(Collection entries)
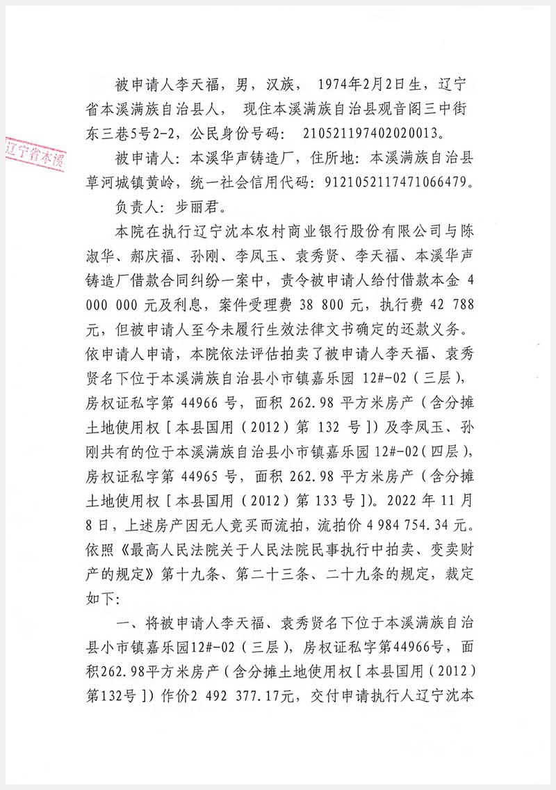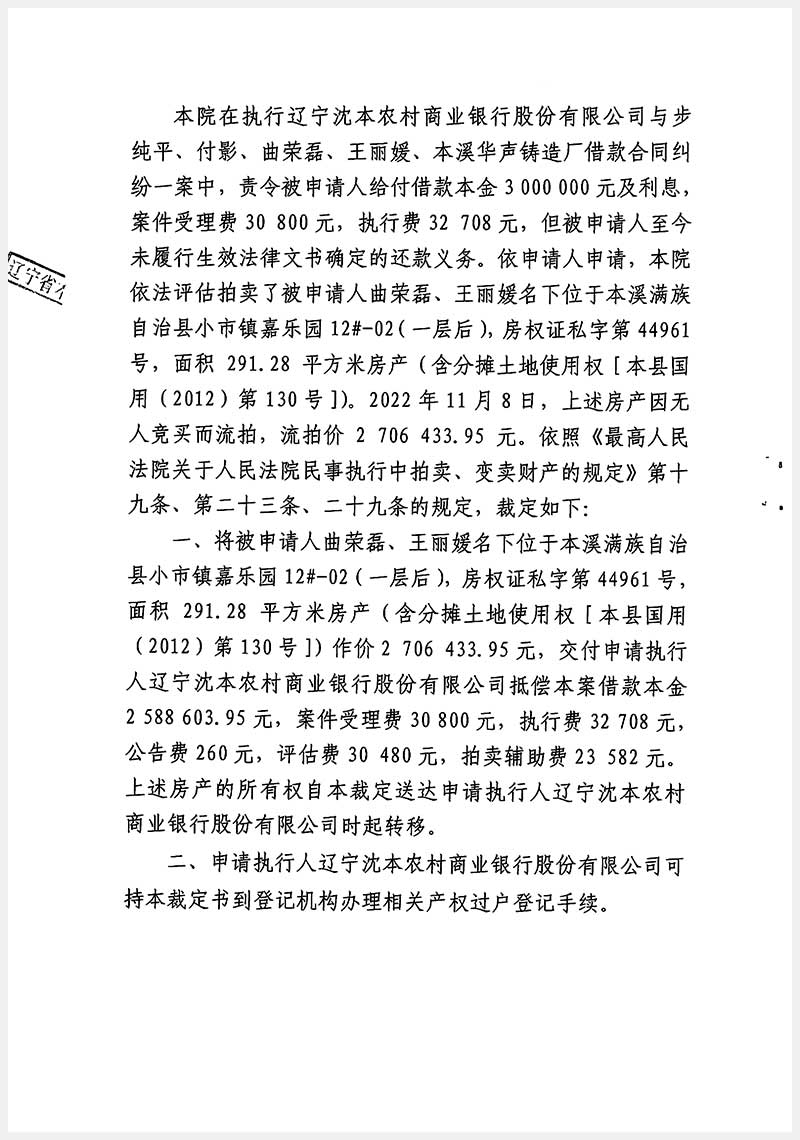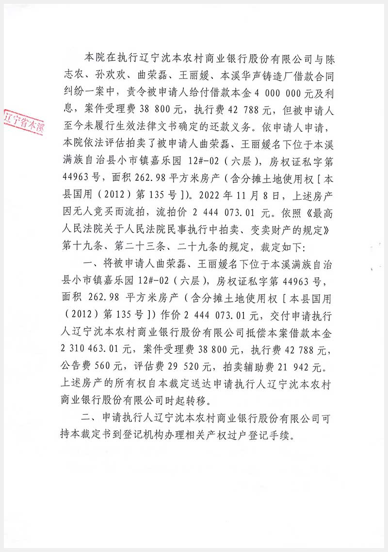 辽宁嘉和拍卖有限公司   咨询热线:024-22529012
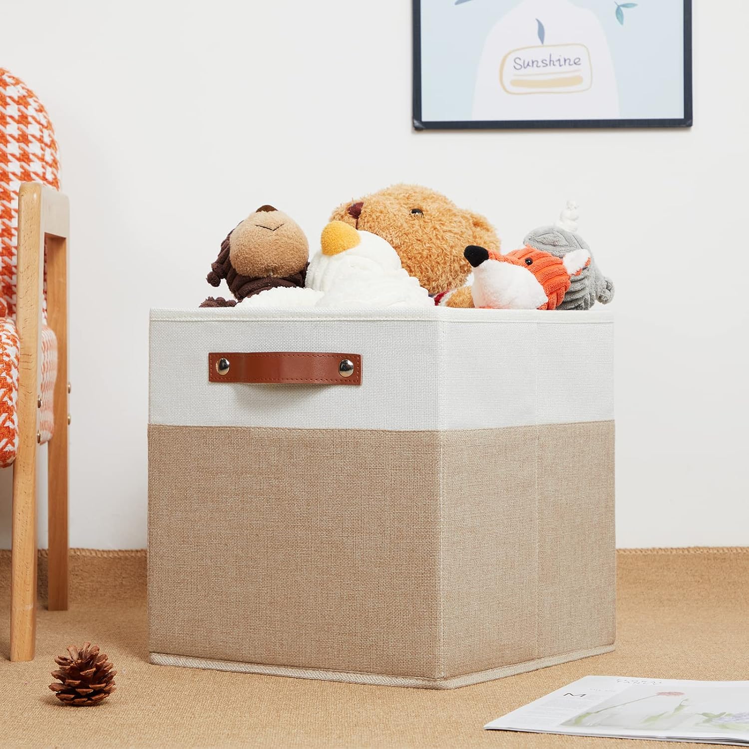 HNZIGE Fabric Storage Cubes, Cube Storage Bins 12 x 12, Set of 4, Decorative Storage Baskets for Shelves with Handles,Foldable Bins for Cube Shelf Organizer Home Toy Nursery Closet(Beige White)
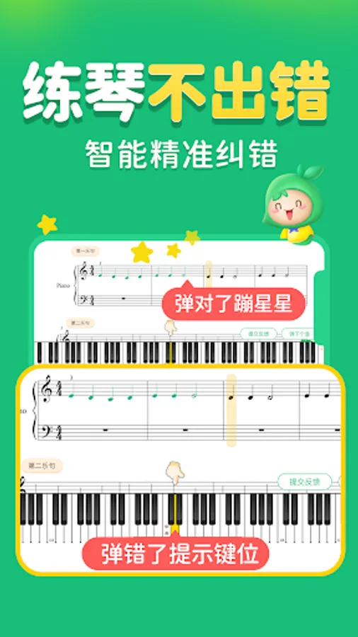 I don’t know if I play the wrong piano while practicing, what should I do if I practice more and more wrong? Use Xiaoye Yee intelligent sparring, AI seconds to correct errors, it can also tell you how to play the correct tone, and you can play the piano correctly.
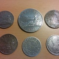 1 peseta 1947 *19*52 1 peseta 1953 *19*54 1/2 piastra Ferdinan IV rey de sicilia 1742 en plata 5 pesos mexicanos plata 1947 1 seiseno de gerona de 1642
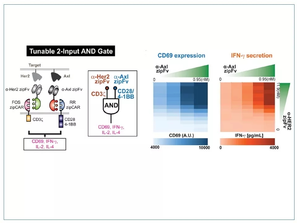 24 SUPRA CAR系统实现的可调性“与门”展示。RR zipCAR和FOS zipCAR分别装备了CD28 / 4-1BB共刺激域和CD3z信号域,信号传导相对独立。a-Her2 zipFv与FOS zipCAR结合,进一步被抗原Her2激活后,指令下传给CD3z结构域,继而增加CD69的表达;而a-Axl zipFv与RR zipCAR结合,进一步被抗原Axl激活后,指令下传给CD28 / 4-1BB共刺激结构域,继而增加了IFN-g等细胞因子的释放。改变每个zipFv的浓度可以调节来自每个受体的信号输出强度,而且这两个通路有很强的协同作用。
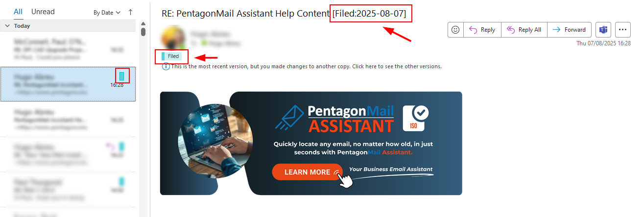 With this feature, the original e-mail is filed on its own, ensuring it is untouched.

What needs to be done – Every record above must be given again exactly; drop the pictures.

Output of the task –
 辽宁嘉和拍卖有限公司   咨询热线:024-22529012
 HNZIGE Fabric Storage Cubes, Cube Storage Bins 12 x 12, Set of 4, Decorative Storage Baskets for Shelves with Handles,Foldable Bins for Cube Shelf Organizer Home Toy Nursery Closet(Beige White)
 I don’t know if I play the wrong piano while practicing, what should I do if I practice more and more wrong? Use Xiaoye Yee intelligent sparring, AI seconds to correct errors, it can also tell you how to play the correct tone, and you can play the piano correctly.
 1 peseta 1947 *19*52 1 peseta 1953 *19*54 1/2 piastra Ferdinan IV rey de sicilia 1742 en plata 5 pesos mexicanos plata 1947 1 seiseno de gerona de 1642
 24 SUPRA CAR系统实现的可调性“与门”展示。RR zipCAR和FOS zipCAR分别装备了CD28 / 4-1BB共刺激域和CD3z信号域,信号传导相对独立。a-Her2 zipFv与FOS zipCAR结合,进一步被抗原Her2激活后,指令下传给CD3z结构域,继而增加CD69的表达;而a-Axl zipFv与RR zipCAR结合,进一步被抗原Axl激活后,指令下传给CD28 / 4-1BB共刺激结构域,继而增加了IFN-g等细胞因子的释放。改变每个zipFv的浓度可以调节来自每个受体的信号输出强度,而且这两个通路有很强的协同作用。
 With this feature, the original e-mail is filed on its own, ensuring it is untouched.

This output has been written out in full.